The sum of row n equals A011782(n). The first and last columns equal 1. The number of integers per row equals the partition number p(n). Row n is a vector of weights or multiplicities relating counts of ordered versus unordered objects classified according to the partitions of n.

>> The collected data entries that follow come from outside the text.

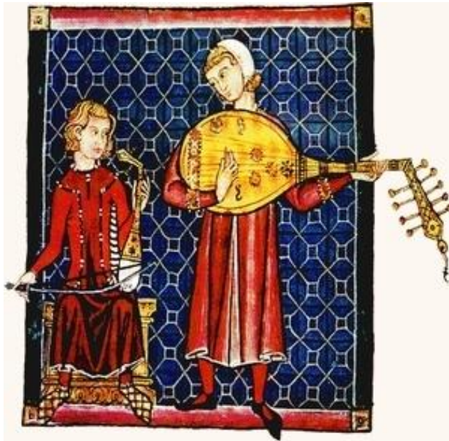
Miniature du XII e siècle, bibliothèque de l'Escurial, Madrid.
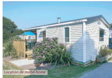
Location de mobil-home
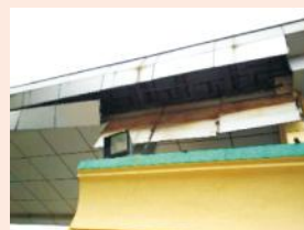
改造后东门广告牌
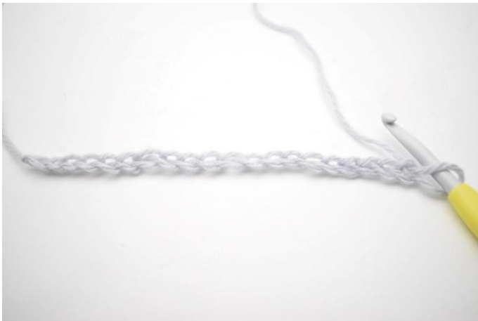
1. Lavora la catenella di base.

a(n) is the multinomial coefficient of the signature of the n-th partition. - Franklin T. Adams-Watters, Apr 08 2008

Let f(x)=1/(1-sum(j>=1, c[j]*x^j))=sum(n>=0, w(n)*x^n), then the coefficients of wn=Pn(c[1],...,c[n]), listed in reverse lexicographic order, give row n of T(n,k). - Groux Roland, Mar 08 2011

LINKS

Alois P. Heinz, Rows n = 0..26, flattened

EXAMPLE

The partitions of 4 are {4}, {3,1}, {2,2}, {2,1,1}, {1,1,1,1}, so the fourth row equals 1,2,1,3,1 since these are the counts of the permutations of these lists.

Triangle begins:

1, 1;

1, 2, 1;

1, 2, 1, 3, 1;

1, 2, 2, 3, 3, 4, 1;

1, 2, 2, 3, 1, 6, 4, 1, 6, 5, 1;

MATHEMATICA

mult[li:{__Integer}] := Apply[Multinomial, Length/@Split[ Sort[li] ] ]; Table[mult/@Partitions[n], {n, 12}]

PROG

(PARI) \\ here mulp(v) computes the multiplicity of the given partition.

mulp(v) = {my(p=(#v)!, k=1); for(i=2, #v, k=if(v[i]==v[i-1], k+1, p/=k!; 1)); p/k!}

Row(n)={apply(mulp, vecsort([Vecrev(p) | p<-partitions(n)], , 4))}